● The data:
....

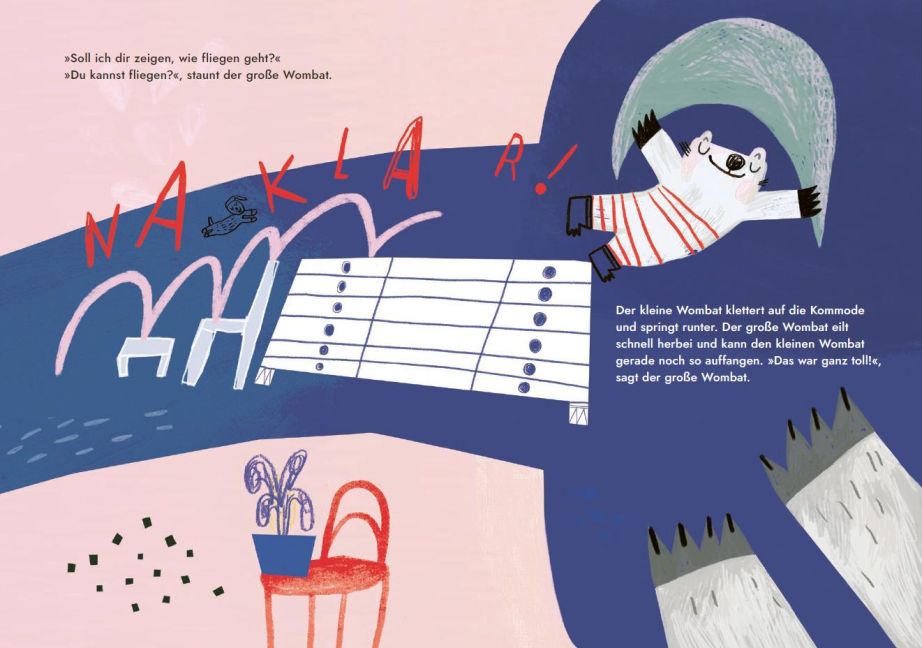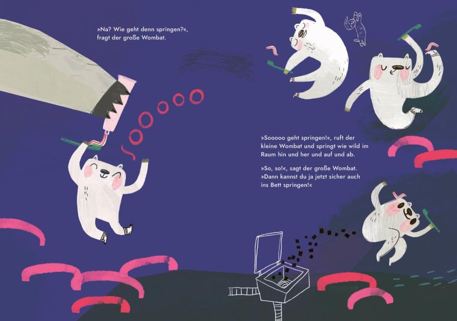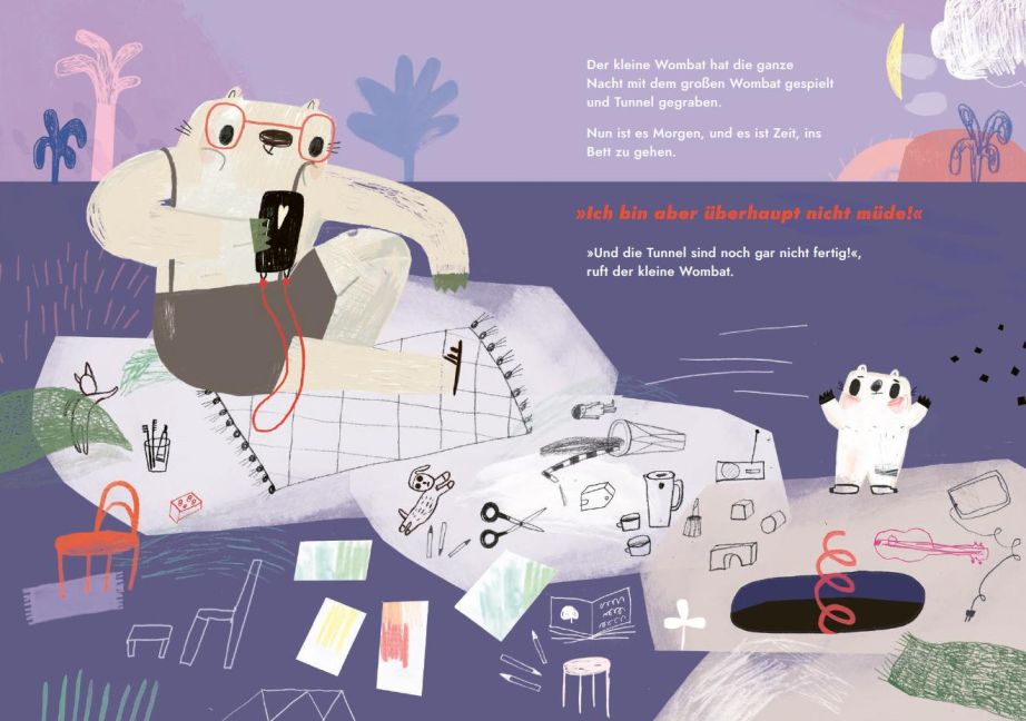 - Der kleine Wombat fühlt nicht, wie müde er ist. So viel will er noch tun: einen Tunnel graben bspw. und Papa all das zeigen, was er schon kann. Bis der kleine Wombat irgendwann die Müdigkeit spürt und *Spoileralarm Papa zeigen kann, wie das Einschlafen geht. Kindern hilft das Bilderbuch deshalb gut dabei, selbst zu spüren, wie sich der eigene Körper gerade anfühlt und was er gerade braucht.
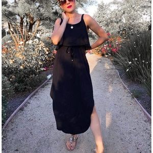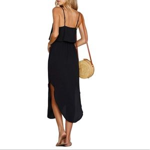 Adjustable spaghetti strap, sleeveless, two side split, elastic waist & bust, ruffle bust, midi/knee length. Makes you be casual and elegant.
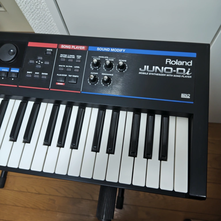 ご覧いただきありがとうございます。 ◆ Roland(ローランド) ◆ シンセサイザー / キーボード ◆ 型番:JUNO-Di ※豪華キーボードスタンドセットです。 【商品状態】 動作確認済みです。 演奏や操作には全く問題なく良好なコンディションです。 使用に伴う多少のキズや汚れは等ありますが、 実用性に問題なし(完動品) ただ、完美品を求める方、神経質な方はご購入をお控えください。 【付属品】 ・電源ケーブル ・キーボードスタンド → セットで届いてすぐに演奏できます。 【特徴】 ・軽量モデルで持ち運びがしやすい ・多彩な内蔵音色でライブ・DTMにも最適 ・初心者〜中級者まで幅広く人気のモデル 【その他】 ご購入後のキャルセルは受け付けておりませんので、よくご確認頂き、お間違えのないようにご購入をお願いします。 また、商品すり替え防止などの為、返品や交換は致しかねますのでご了承下さい。宜しくお願い致します。 質問などありましたらお気軽にどうぞ! 【受け渡し場所】 場所を設定させて頂いておりますが、持ち運びが大変な方はご自宅付近までお持ちすることもできる場合もございますので、お気軽にご相談頂ければと思います。
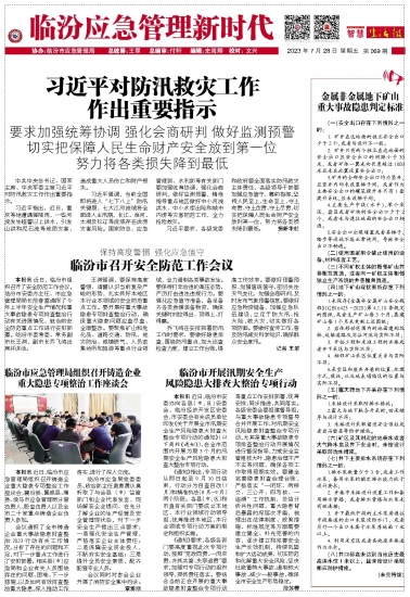 临汾市开展汛期安全生产风险隐患大排查大整治专项行动
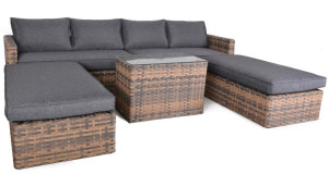 Luxusní sestava nábytku z umělého ratanu a hliníkové kostry. I když se umělý ratan podobá přírodnímu, je mnohem odolnější. Obecně lze říci, že je pružnější a je méně pravděpodobné, že se poničí.Umělý zahradní ratanový nábytek vyniká snadnou údržbou a velkou odolností vůči nepřízni počasí. Umělý ratanový nábytek se neloupe, nevznikají na něm nevzhledné praskliny, je stálobarevný po mnoho let. Jestliže nechcete mít obývací pokoj laděný ve stejném duchu jako ostatní, ratanový nábytek je možným řešením, jak se odlišit i v interiéru.Luxusní polyratanový nábytek má opravdu velmi široké využití. Je vhodný pro vnitřní i venkovní prostory, zahrady, terasy, zimní zahrady, balkony, kanceláře, jednací místnosti, recepce a další nebytové i bytové prostory. Nemusíte nic skládat ani montovat - nábytek je již připraven k okamžitému použití. Podušky jsou odnímatelné. Luxusní souprava z kvalitního umělého ratanu, který odolává UV zářenía teplotě od +50°C do -10°C.Kostra je hliníková + prášková barva.Ratan: 6,5mm půlkulatýDeska stolu: 5mm tvrzené skloPodušky:výplň-10 cm molitan, látka-230g/m2 polyester - všechny poduškyjsou vybaveny zipem, což umožňuje snadné praní povlaku
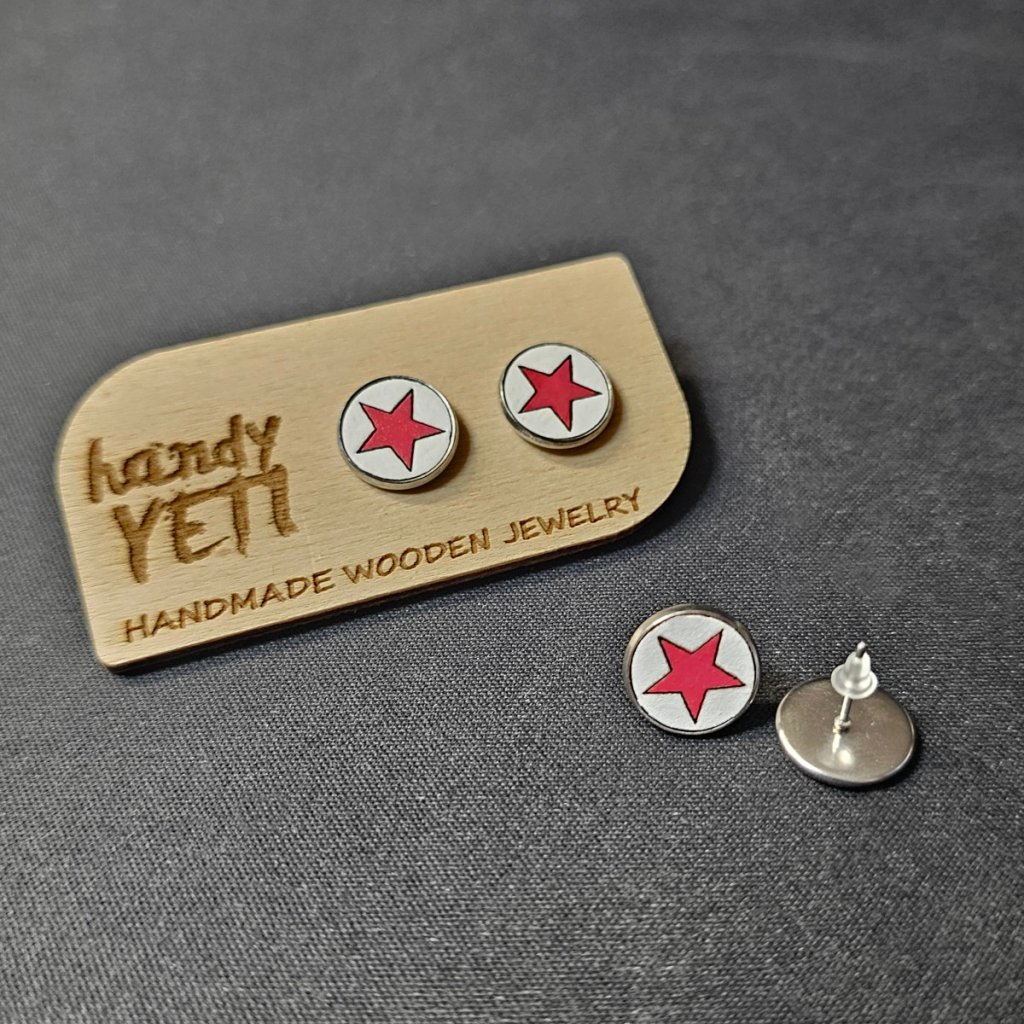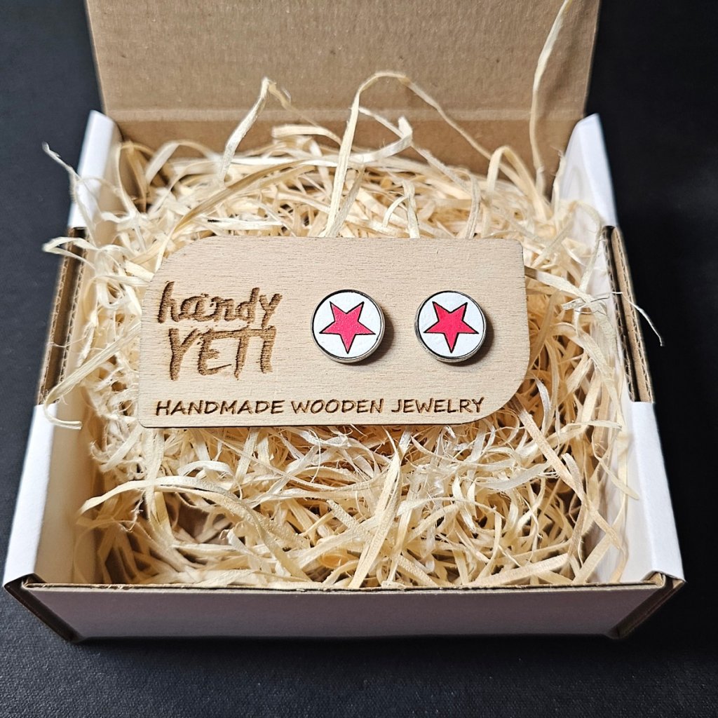 Originální dřevěné náušnice vyrobené z kvalitního bukového dřeva zdobené ručně malovaným motivem červené pěticípé hvězdy na bílém pozadí. Každý pár je ručně malovaný, takže je každý kus jedinečný a má svůj vlastní charakter. Povrch dřeva je chráněný lakem s certifikací pro dětské hračky, který zajišťuje bezpečné nošení i dlouhou životnost.
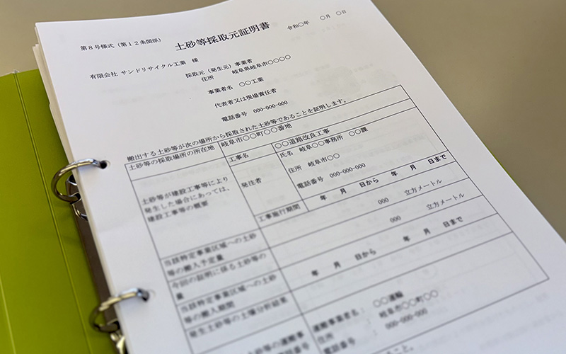 これにより、どの現場からどのような土が持ち込まれたのかを明確にし、不適切な搬入や異物の混入を防止しています。
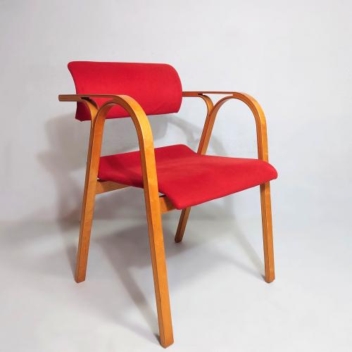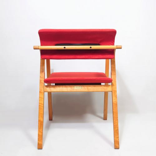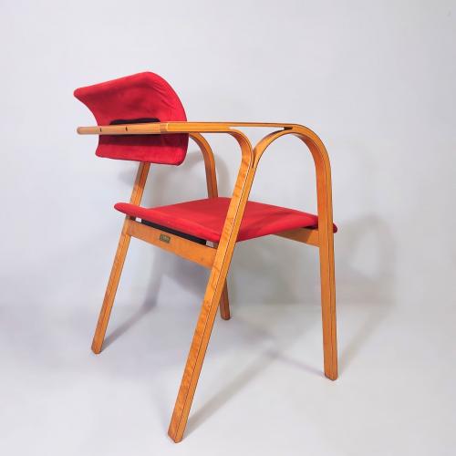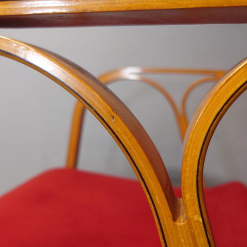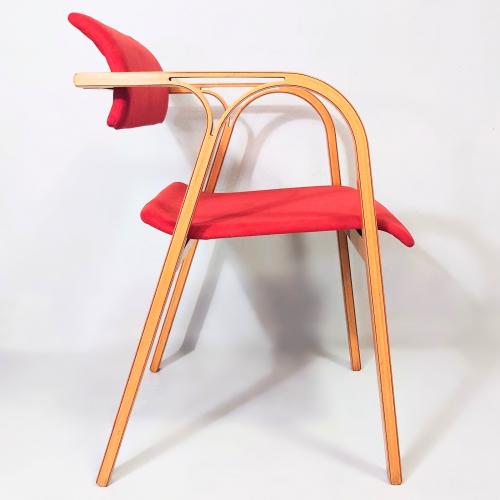 フレームの成形合板の中にスリーブ状の炭素繊維強化プラスチック(カーボン)の内圧成形した炭素繊維強化プラスチック(カーボン)を組み合わせており、曲木加工の美しさと新たな技術挑戦を感じる一脚。内部のカーボンは曲げ加工の補強としてだけではなく、成形合板の表面素材であるバーズアイメープルの高級感と共に曲木のラインのアクセントとしても機能しているカーボン。高い技術と耐久性、美しさを兼ね揃えたプロダクト。開発当時、製造数も少なかったようで、中古市場に出回ることが少ないアイテム。こちらのCCCチェアは座面、背もたれがファブリックのモデル。
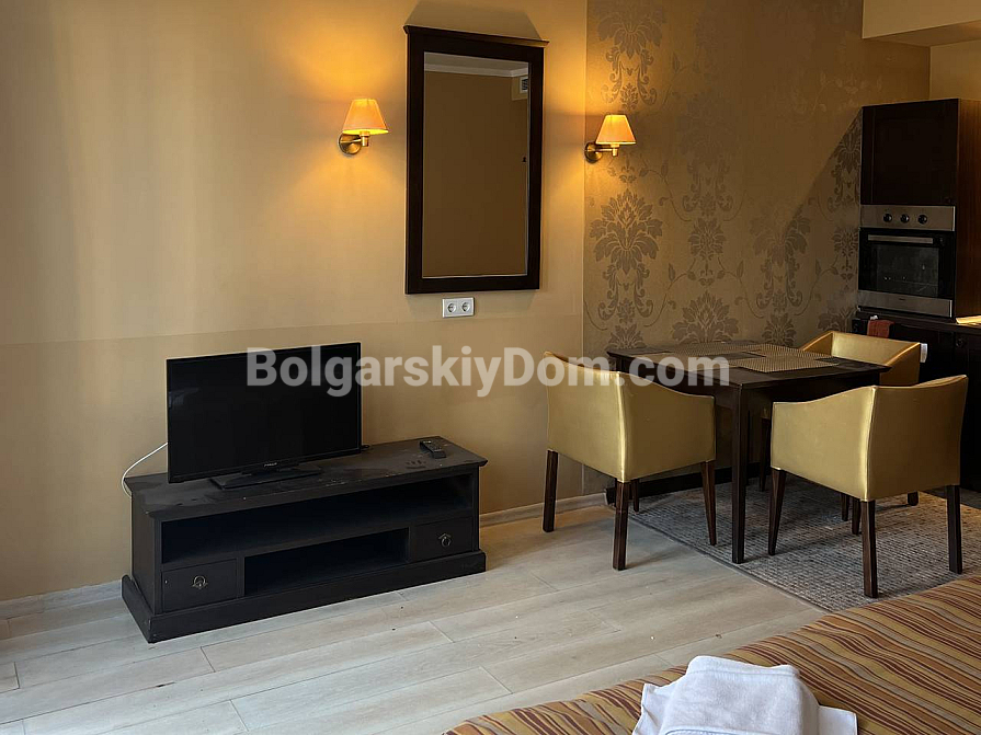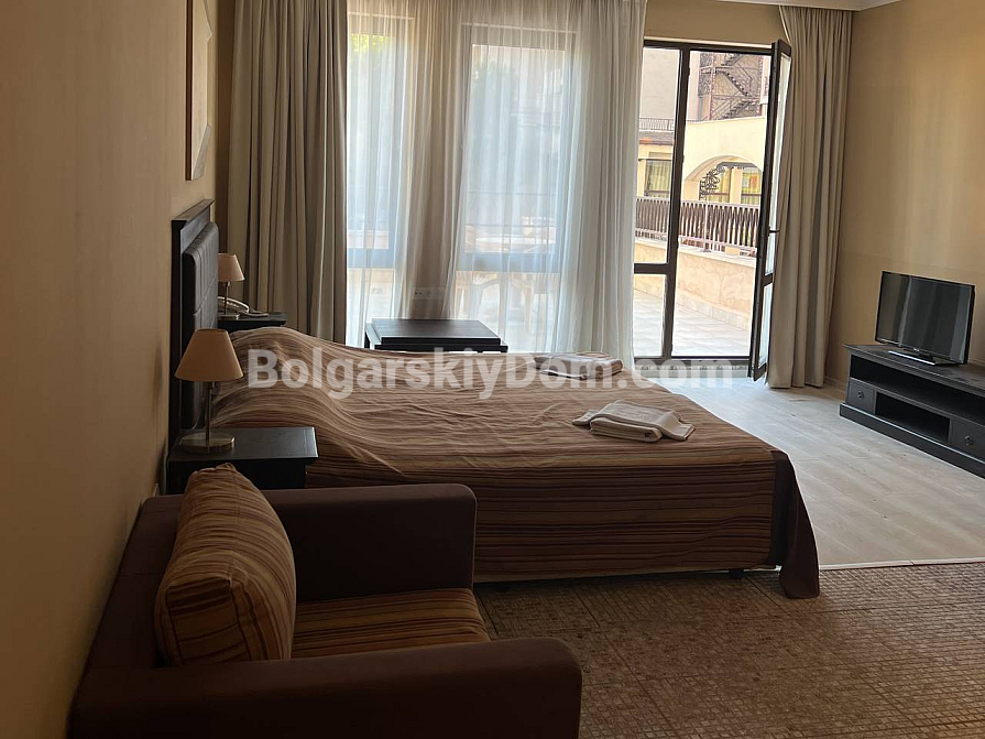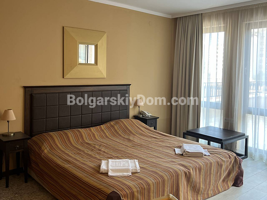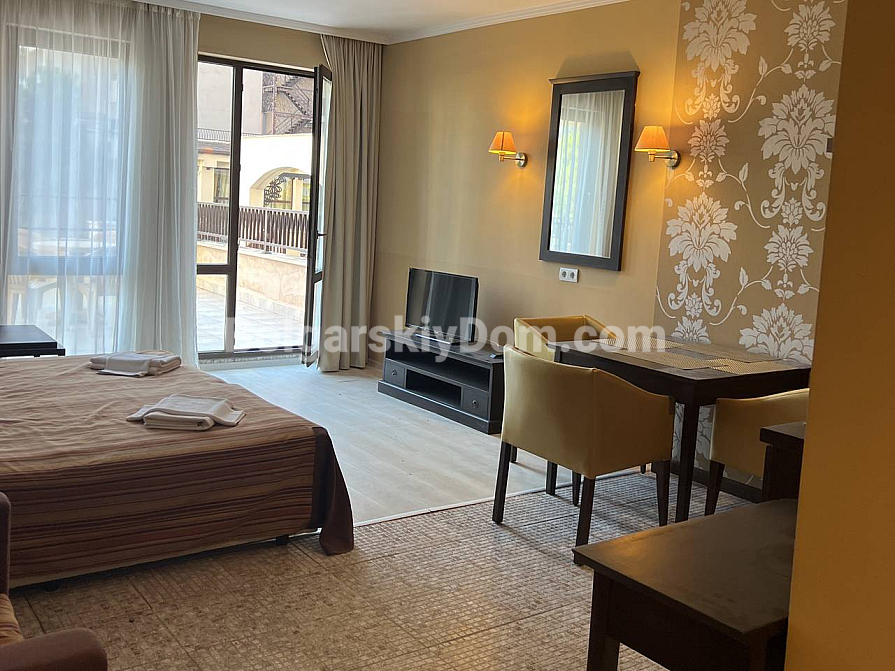 In unserem Katalog gibt es ein neues Angebot – ein sehr geräumiges Studio mit einer Fläche von 71 qm zu einem hervorragenden Preis pro Quadratmeter, gelegen im prestigeträchtigen Komplex Barcelo Royal Beach in Sonnenstrand. Das Apartment befindet sich im 1. Stock und nur 200 Meter vom Meer entfernt. Das Interieur ist im klassischen Stil gestaltet: dunkle Möbel harmonieren elegant mit den warmen, beigefarbenen Wänden und schaffen eine gemütliche und stilvolle Atmosphäre. Die Wohnung ist vollständig möbliert und in ausgezeichnetem Zustand. Sie verfügt über eine voll ausgestattete Küche mit Einbaugeräten sowie ein gut eingerichtetes Badezimmer. Ein besonderes Highlight ist die sehr große Terrasse mit möblierter Ruhezone, ideal zum Genießen der Meeresbrise. Dank seiner Fläche und Funktionalität ist dieses Studio eine äußerst attraktive Investition mit Wertsteigerungspotenzial.

....

From the first line of the records through the line containing "Adjustable spaghetti strap, sleeveless, two", please output exactly those lines and nothing more, leaving out the pictures.

● Exercise response:
 - Der kleine Wombat fühlt nicht, wie müde er ist. So viel will er noch tun: einen Tunnel graben bspw. und Papa all das zeigen, was er schon kann. Bis der kleine Wombat irgendwann die Müdigkeit spürt und *Spoileralarm Papa zeigen kann, wie das Einschlafen geht. Kindern hilft das Bilderbuch deshalb gut dabei, selbst zu spüren, wie sich der eigene Körper gerade anfühlt und was er gerade braucht.
 Adjustable spaghetti strap, sleeveless, two side split, elastic waist & bust, ruffle bust, midi/knee length. Makes you be casual and elegant.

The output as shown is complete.